Richard had dressed in a hurry, he almost fell over putting his trousers on, the pair of them were laughing, making plans for next time. She saw him out and kissed him as he got into his car. He told her he loved her. She stood on the driveway, her head tilted back, watching the snow come falling down, opening her mouth so she could feel the flakes on her tongue. His words echoed in her head and then she heard it and she knew: something terrible had happened to Richard.
She sprinted to the road. The first thing she saw was his car, his dark green Mercedes parked at an odd angle in the middle of the road and then, beyond that, Richard himself. He was kneeling with his back to her, his shoulders heaving, and as she reached him, she saw that he was sobbing, his tears falling onto the broken body of her child. “Oh God oh God oh please God no, please God no. She was in the road, Janine, she was in the middle of the road. Oh please God no please God.”
Janine grabbed his arm, started to pull him to his feet. “You have to go,” she was saying, her voice sounding weirdly matter-of-fact even to her own ears. “You have to get in the car and go, go right now. Go, Richard, I’ll take care of her. Go on!”
“She’s bleeding, Janine, it’s bad. Oh Christ, it’s bad.”
“You have to go,” she said again, and when he didn’t move, she started to shout. “Now, Richard! Leave! Just go now. You weren’t here. You were never here.”
Liar liar.
* * *
All that would come out later. Everyone told Laura (everyone being her parents and the doctor and her counselor) not to google what had happened, that it wouldn’t help, it would only upset her, frighten her, give her nightmares. Which Laura, who might have only just turned eleven but wasn’t born yesterday, thought was bollocks, also quite suspicious, and she was right about that, wasn’t she?
The first thing she found when she googled herself was a news story with the headline man jailed for hit and run and a picture of her looking like a twat in her school uniform, grinning goofily at the camera. She started reading:
Art dealer Richard Blake was yesterday sentenced to four months in prison for the hit-and-run accident which seriously injured local schoolgirl, Laura Kilbride, 11.
Laura read that sent
ence again. Richard?
But that couldn’t be right. She knew Richard. Richard was the man who taught the art classes her mum went to; Richard was nice. He had an open, friendly face; he was always laughing. Laura liked Richard, he was kind to her, they’d played football together once in the car park when she was waiting for her mum to finish up in the supermarket. Richard wouldn’t have done that to her. He would never have driven away without calling an ambulance.

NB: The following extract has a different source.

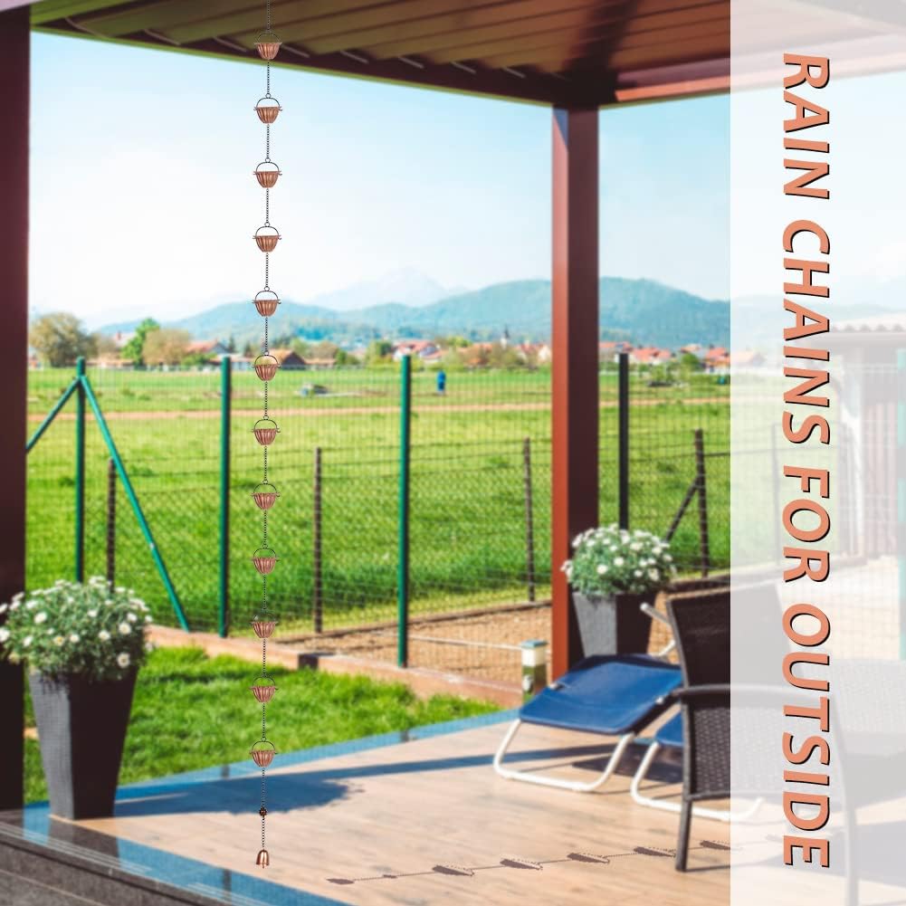 - Wide Application: The metal rain chain is designed with a bell pendant at the bottom, it will make a crisp sound as the wind collides and the rain slowly flows into the ground along the chain which is spectacular. Must be a good present to your family and friends

The revelation about Richard Blake was quickly forgotten, though, in the shock of what was to come:
Mr. Blake, 45, who pleaded guilty to failing to stop and failing to report an accident, was conducting a relationship with the child’s mother, Janine Kilbride, at the time of the accident. Mrs. Kilbride, 43, who arrived on the scene shortly after the accident, called an ambulance to attend to her child, but told police she did not see the vehicle that struck her. Janine Kilbride was fined £800 for giving false information to the police.
When Laura looked back on that period, she identified the moment that she read that paragraph as the beginning of the end. Her body was already broken, of course, her brain function already affected, but that was the sort of damage from which a person can recover. But this? The knowledge that she been lied to, by both of her parents, by everyone who’d been caring for her, that was a knockout blow, the sort that lays you out, the sort from which you do not get back up. That knowledge, the sense of betrayal that came with it, that changed her. It left her marked.